Giving a technical outlook on the Nifty 50, Sheth said, “the Index is moving in a higher top higher bottom formation on the daily chart indicating a sustained-up trend. At the start of the week, prices register their new lifetime high and later on continued to move higher. On Friday’s session, Nifty showed the 1st sign of profit booking when prices slipped below 19,800 levels with a bearish candle on the daily chart.”
On the daily chart, Sheth pointed out that NIFTY50 has completed the Bearish Crab harmonic pattern at 18,887.60 levels. The momentum oscillator RSI (14) on the daily chart has reached the overbought zone and presently has hooked lower below 70.
“The bulls need to surpass 18,900 levels to gain bullish momentum as the options seller is active near 19,000 levels with increased OI. The support for the Index is placed near 18,500 and any move below the same will extend the fall to 18,380 levels,” Samco’s expert added. Also, he believes the celebrative mood at Dalal Street should continue with stock-specific action likely to command investors’ attention, especially in IT, Metal & Cement stocks.
As per Shrikant Chouhan, Head of Equity Research (Retail), Kotak Securities, going forward, D-street will focus on macro trends. Going ahead, markets may be dominated by global news flows and steps taken by different governments to tackle their economies. On the economy front, Q2FY23 real GDP grew by 6.3%, while GST collections for October (collected in November) stood at Rs1.469 lakh crore (September: Rs1.517 lakh crore).
ICICI Securities in its weekly market outlook note said that “We maintain our structural positive stance and expect index to gradually head towards 19400 in coming weeks while midcaps to outperform in coming weeks. Strong support is now placed at 18300 levels. Use dips to create long positions.”
In their technical view, ICICI Securities stated that the relative ratio of NiftyIT against Banknifty has resolved at 3 month high, the first time since May 2022 indicating that IT may relatively perform better than banking in the short term. That being said, IT, Telecom, Infra, Metal, and Consumption are preferred sectors.
Among large-caps, the stock brokerage’s preferred picks are — Reliance Industries, TCS, SBI, Ambuja Cement, Adani Ports, Tata Steel, Tata Motors, and DLF. While among midcaps, the preferred picks are CUB, Coforge, Sonata Software, Concor, Polycab, Cummins India, JK Cement, Bhel, Supreme Industries, Tejas Networks, Brigade Enterprises, Timken, and KNR Construction.
RBI is scheduled to being its bi-monthly monetary policy meeting from December 5 to 7th.
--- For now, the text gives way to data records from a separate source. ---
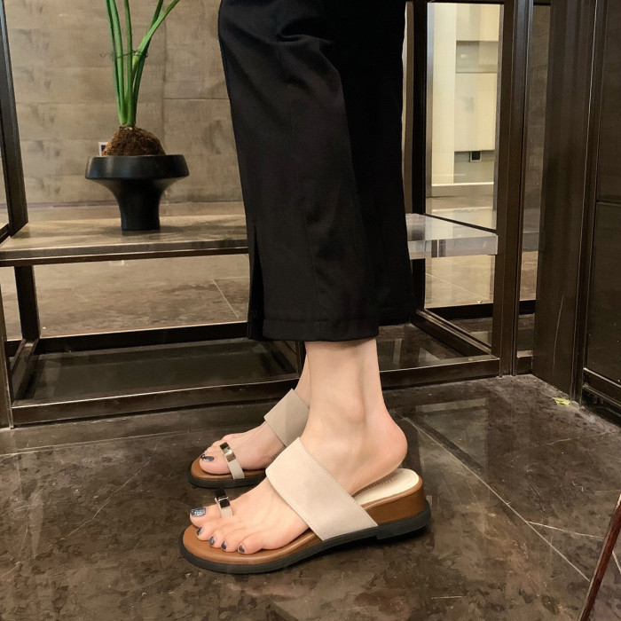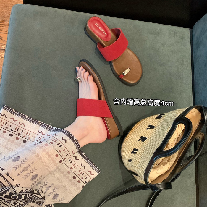 葡萄媽同款~ 增高4cm~一字帶外穿套趾人字平底夾趾涼拖鞋女夏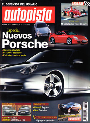 Contacto: Seat Córdoba, Renault Espace. Técnica: Porsche Cayenne. Anticipación: Porsche 911 2004. Porsche Exclusive: ejemplares únicos. 50º aniversario del Chevrolet Corvette. Diseño: el mundo en evolución. V Concurso de Diseño AUTOPISTA. Prueba Comparativa: Audi A4 2.0 FSI/Renault Laguna 2.0 16v Privilege. Prueba del Subaru Forester 2.0 X. G.P. de Japón de F1. Campeonato de España de GT: Jerez.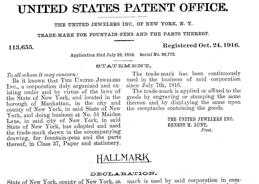 Qualche cenno sul marchio. E’ stato depositato nel 1916 dalla The United Jewelers Inc. con sede a New York ed adottato quale marchio per le penne stilografiche e cancelleria (es. matite). Di fatto la United Jewelers era una corporation con negozi di gioielleria sparsi nelle principali città americane e con questa mossa intendeva anche proporre alla loro clientela penne e matite meccaniche.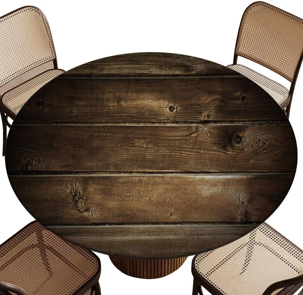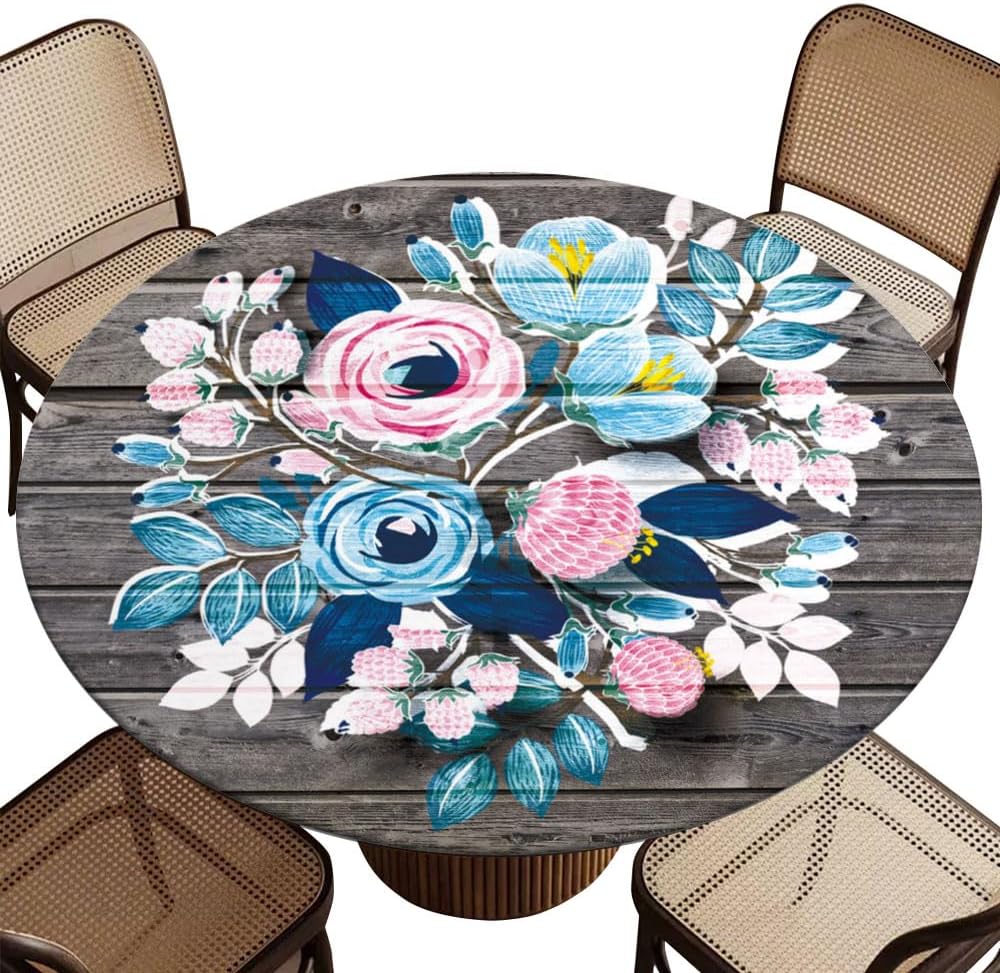 GUISOEI Fitted Round Tablecloth with Elastic Edge Sea Items On Turquoise Wood Texture Washable Table Cover Fits for Circle Table, 10 Sizes

The six-member monetary policy committee will announce its outcome on December 7th.
Since May 2022, the central bank has hiked the repo rate by 190 basis points to tame multi-year high inflation. Currently, the policy repo rate stands at 5.9%, while the standing deposit facility (SDF) rate stands adjusted at 5.65%. Whereas, the marginal standing facility (MSF) rate and the Bank Rate to 6.15%. MPC remained focused on the withdrawal of accommodation to ensure that inflation remains within the target going forward while supporting growth.
In October, India’s CPI inflation eased to 6.77% from its five-month high of 7.41% in September.
Disclaimer: The views and recommendations made above are those of individual analysts or broking companies, and not of Mint.